Suppose $\alpha\in\mathbb{Q}$. Then $x=\alpha-r$ is also in $\mathbb{Q}$, because $\mathbb{Q}$ is a field that is closed with respect to additive inverse and addition. This contradicts with the presumption that $x\notin\mathbb{Q}$.

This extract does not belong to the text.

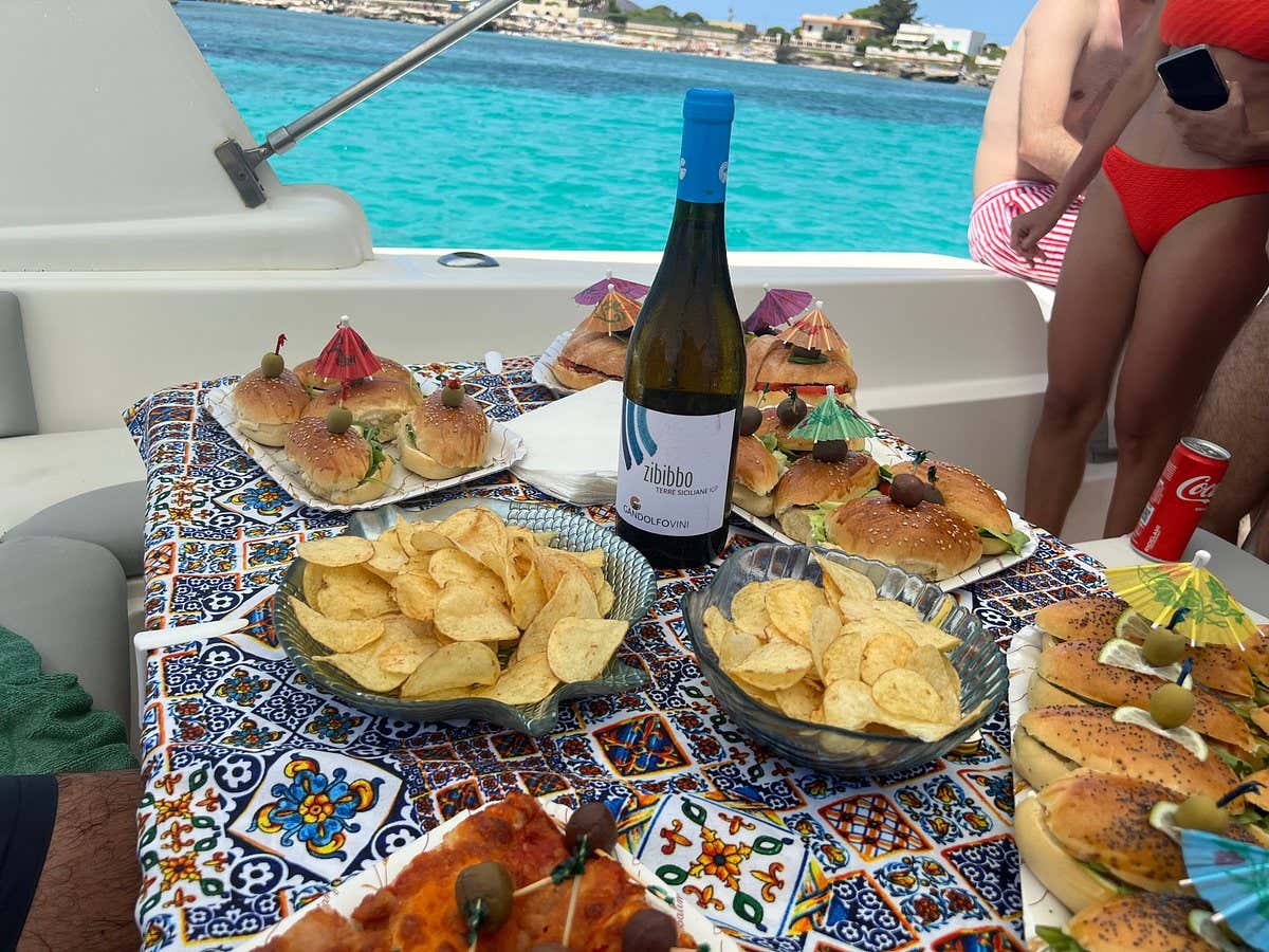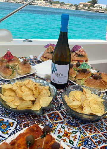 At around 12 noon, a rich aperitif (included) will be served on board: focaccia prepared by a local baker, local cured meats and assorted snacks prepared in house especially for you and your "crew". This will be followed by a wine tasting (included) by Cantine Gandolfo, to toast with your company: Grillo, Zibibbo and Amaro, expertly described by the skipper and wine and viticulture expert.

Suppose $\beta\in\mathbb{Q}$. Then $x=\beta/r$ is also in $\mathbb{Q}$, because $r\ne 0$ and $\mathbb{Q}$ is a field that is closed with respect to multiplicative inverse and multiplication. This contradicts with the presumption that $x\notin\mathbb{Q}$.
\end{proof}
\section{Exercise 2: $\sqrt{12}\notin\mathbb{Q}$}
Prove that there is no rational number whose square is $12$.
\begin{lemma}\label{l1}
$\forall n\in \mathbb{Z}, \forall p\in \{2, 3\}$,
\[
n^2\equiv 0 \implies n\equiv 0 \pmod p.
\]
\end{lemma}
\begin{proof}
We check the squares of every element of $\mathbb{Z}/2\mathbb{Z}=\{0,1\}$, the ring of integers modulo $2$.
\[0^2 = 0\]
\[1^2 = 1\]
Thus $n^2=0$ implies $n=0$ in $\mathbb{Z}/2\mathbb{Z}$ by exhaustion.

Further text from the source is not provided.